The Mail is selling the dream of European life it helped eliminate, to readers trapped in the post-Brexit reality it championed.
The Daily Mail has been at it again, selling readers a dream life abroad – this time to Cyprus.
“British family moved to Cyprus after getting fed up of dreary UK life – and now enjoy life on ONE parent’s salary only,” boasted a recent headline, promoting the story of a couple from Middlesbrough who moved abroad with their two young children.
The article applauds the family’s newfound happiness, freedom from 60-hour workweeks, and the dramatic drop in living costs, from council tax to heating bills.
“They now live on just one salary,” the piece declares, “and ditched their £400-a-month heating and council tax bills.” Within weeks, the family was “instantly happier,” it adds, celebrating the ease of life and affordability in Cyprus.
“They love it so much they can never see a move back to the UK for themselves.”
The same Daily Mail that is now celebrating the virtues of life in Cyprus played a pivotal role in campaigning for Brexit, a decision that removed the automatic right for Britons to live and work in EU countries like Cyprus without lengthy bureaucracy.
During the initial months of the EU referendum campaign following David Cameron’s post-summit Cabinet meeting on 20 February 2016, research shows that of 928 referendum-related articles in UK newspapers, the Mail published more pro-Leave articles than any other paper.
Critics were quick to point out the irony.
“What a shame,” posted Sheffield for Europe. “If that rag had not promoted Brexit, the Moores [family that moved to Cyprus] would have had automatic rights to live and work in Cyprus enjoying their rights of freedom of movement.”
“Escaping the dreary life of post-Brexit UK,” was another response.
Don’t forget, this is the newspaper, which in November 2016, ran a front page that called the supreme court judges Enemies of the People who had “declared war on democracy” prompted 1,600 complaints to the press regulator IPSO, and international condemnation.
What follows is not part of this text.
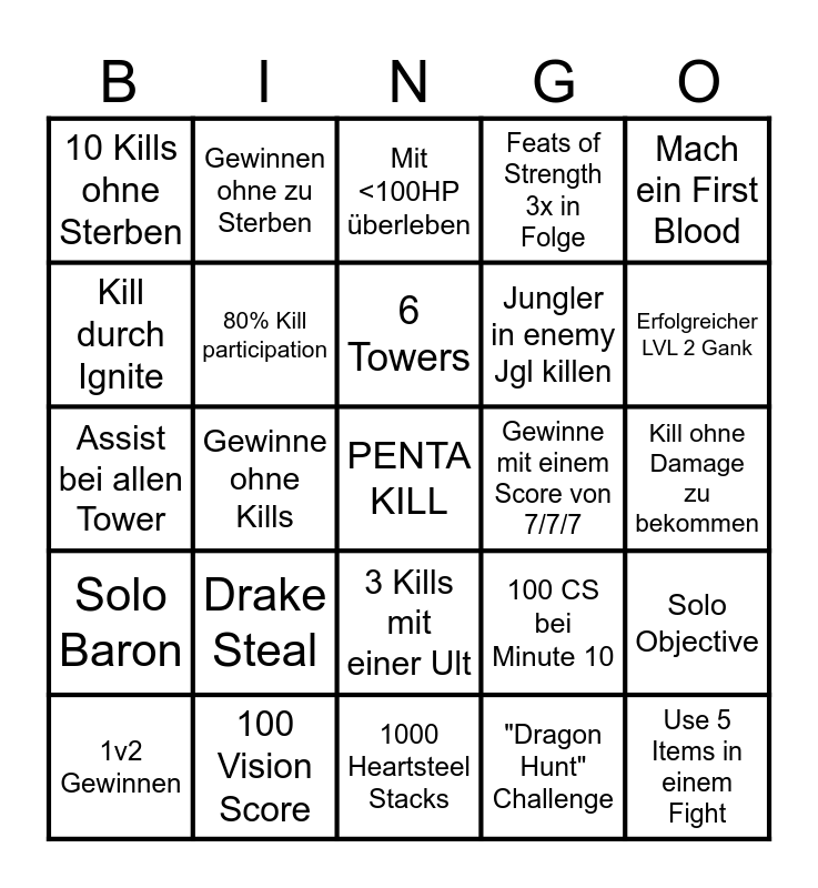 This bingo card has a free space and 24 words: Drake Steal, 100 Vision Score, 6 Towers, 1v2 Gewinnen, Mach ein First Blood, 10 Kills ohne Sterben, Kill durch Ignite, Gewinnen ohne zu Sterben, Gewinne mit einem Score von 7/7/7, 3 Kills mit einer Ult, Jungler in enemy Jgl killen, Assist bei allen Tower, 100 CS bei Minute 10, Solo Objective, 80% Kill participation, "Dragon Hunt" Challenge, Kill ohne Damage zu bekommen, Mit <100HP überleben, Erfolgreicher LVL 2 Gank, Gewinne ohne Kills, Use 5 Items in einem Fight, Solo Baron, Feats of Strength 3x in Folge and 1000 Heartsteel Stacks.

Not least because the phrase was more typically associated with murderous revolutionary leaders in both Soviet Russia and France, as well as dictatorships ever since.
IPSO ultimately took no action, citing the press’s right to editorialise and campaign.
Now, the Mail is selling the dream of European life it helped eliminate to readers trapped in the post-Brexit reality it championed.